По заданию своему симфоническая культуро-личность должна быть совершенной, действительной личностью, т. е. Церковью, особой индивидуацией Соборной Вселенской Церкви. И то же самое справедливо в применении ко всякой симфонической личности. Но в силу эмпирического несовершенства культуре-личности и она болеет "раздвоением". Потенциально-церковное в ней, т. е. грешное и несовершенное, противостоит ее лично-церковному бытию и в этом противостоянии все же некоторым образом лично. Так, наряду с Церковью (индивидуацией Церкви в особой симфонической личности), которая и есть истинная форма личного бытия культуры (народа и т. д.), возникает и другая, производная, или вторичная, форма личного бытия той же культуры (того же народа и т. д.). Ее-то мы и называем государством, а се сферу и бытие – государственностью, понимая под "государственным" или "политическим" направление к целостности или единству культур (или народ), как объединяющееся и единое.
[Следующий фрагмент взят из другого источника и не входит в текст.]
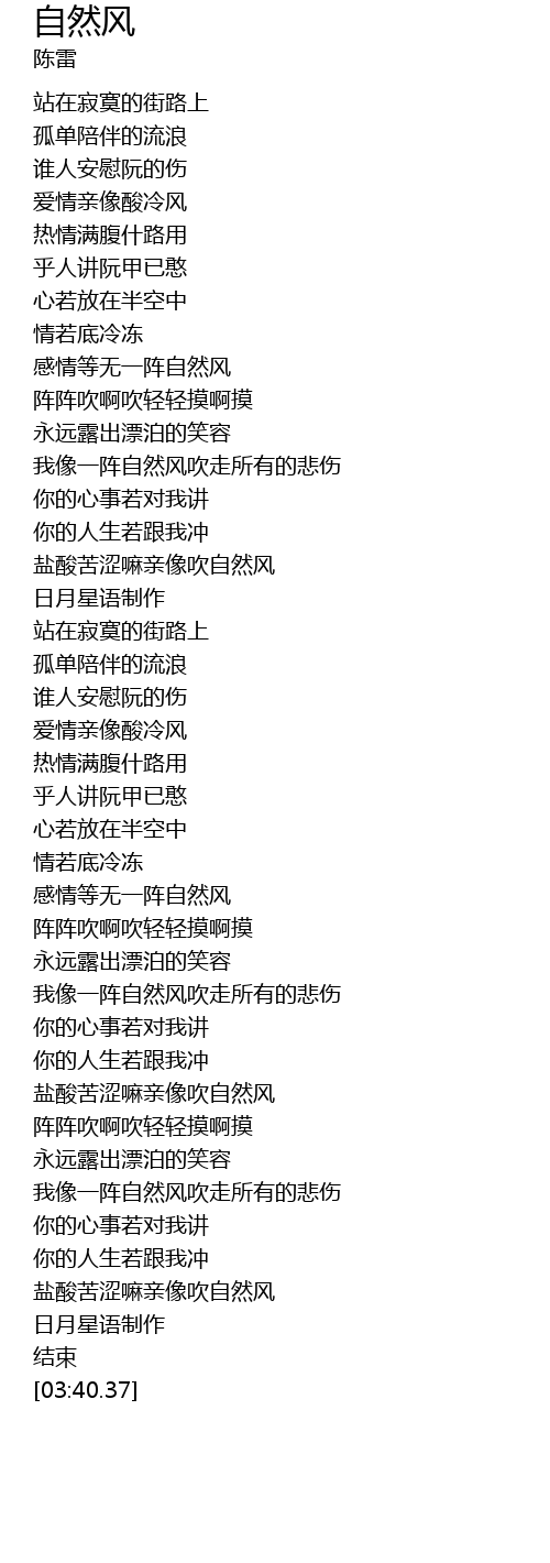 | [03:21.08] | 盐酸苦涩嘛亲像吹自然风 |

Принципиально государство есть сама культура в ее единстве и в качестве единства многообразия, т. е. принципиально государство объемлет все сферы жизни. Но в силу несовершенства или – конкретно – разъединенности государства удобно и практически иногда неизбежно называть политическим только явственно и сознательно направленное к единству и противопоставлять государственности сферы экономической и социальной жизни.
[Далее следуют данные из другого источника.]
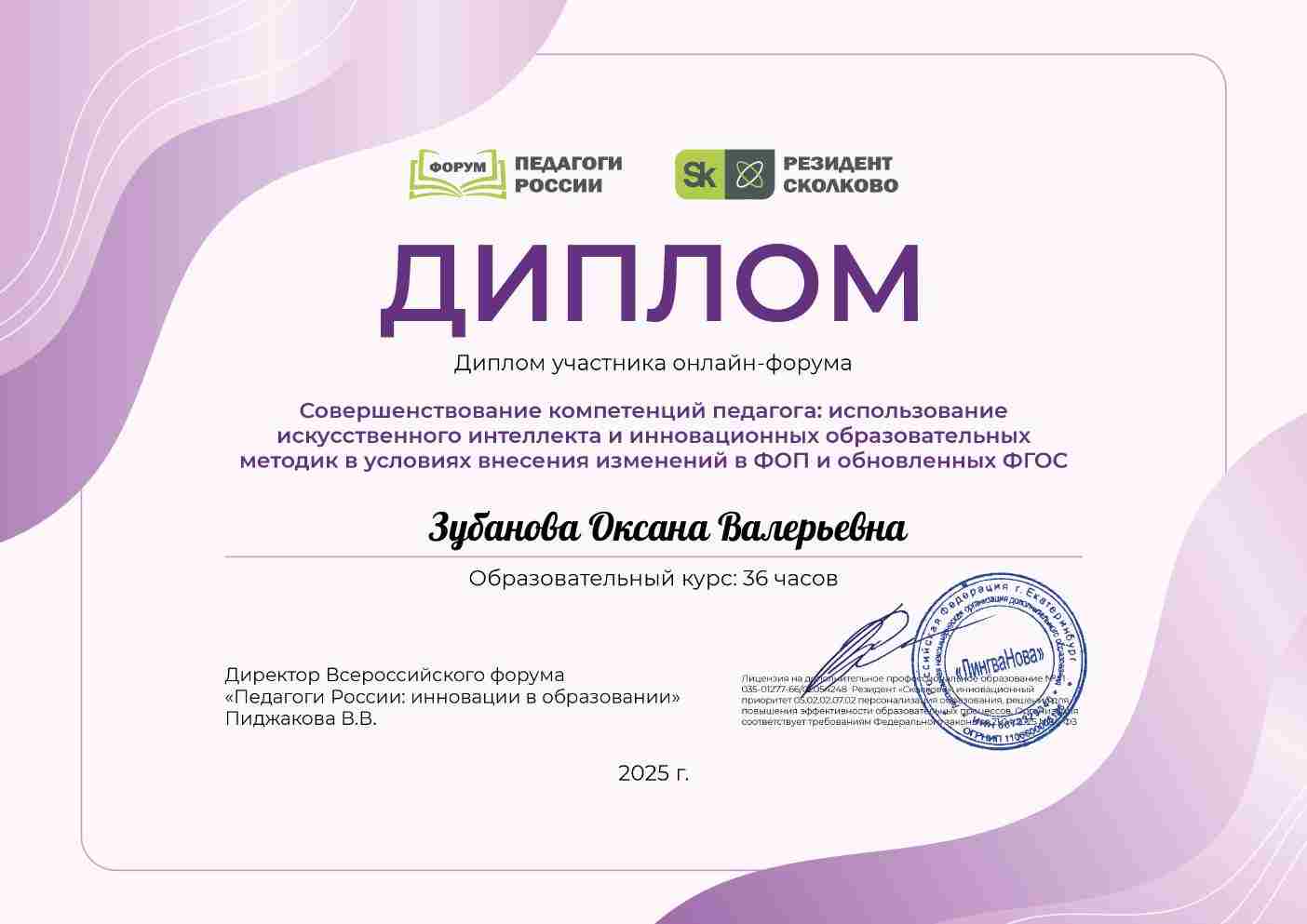 Диплом участника онлайн-форума "Совершенствование компетенций педагога: использование искусственного интеллекта и инновационных образовательных методик в условиях внесения изменений в ФОП и обновлённых ФГОС"

Чтобы понять отношение государства к Церкви, необходимо не только помнить об основополагающем их различии, как различии совершенного и несовершенного, святого и грешного, определенного направлением к Богу и сознательно этим направлением не определенного, и не только не забывать о том, что государство должно становиться и становится Церковью. Необходимо еще осознать во всех его выводах то положение, что водораздел между государством и Церковью проходит внутри всякого индивидуального сознания. Поэтому, хотя и Церковь и государство вполне конкретны и противостоят друг другу как видимые организации, следует остерегаться от смешения их с их личным составом: много нецерковного и государственного, а потому и подлежащего оценке как таковое в церковной организации и иерархии, поскольку мы рассматриваем их со стороны их людского состава, и обратно – много церковного в организации государственной. Есть политическая, и потому порочная, церковность (например, Карловацкий собор, попытки "догматического" обоснования самодержавия и т. д.), и церковная или мнимоцерковная государственность (например, использование Церкви государством в политических целях, антирелигиозная политика большевиков, проводимая ими во имя их мнимой религии, попытка насадить атеизм и коммунизм). Так возникает незаконное смещение сфер, часто практически неустранимое и вполне, во всяком случае, понятное ввиду органической связи государства с Церковью. Практически обе сферы разграничить очень трудно, теоретически же можно установить лишь общий принцип.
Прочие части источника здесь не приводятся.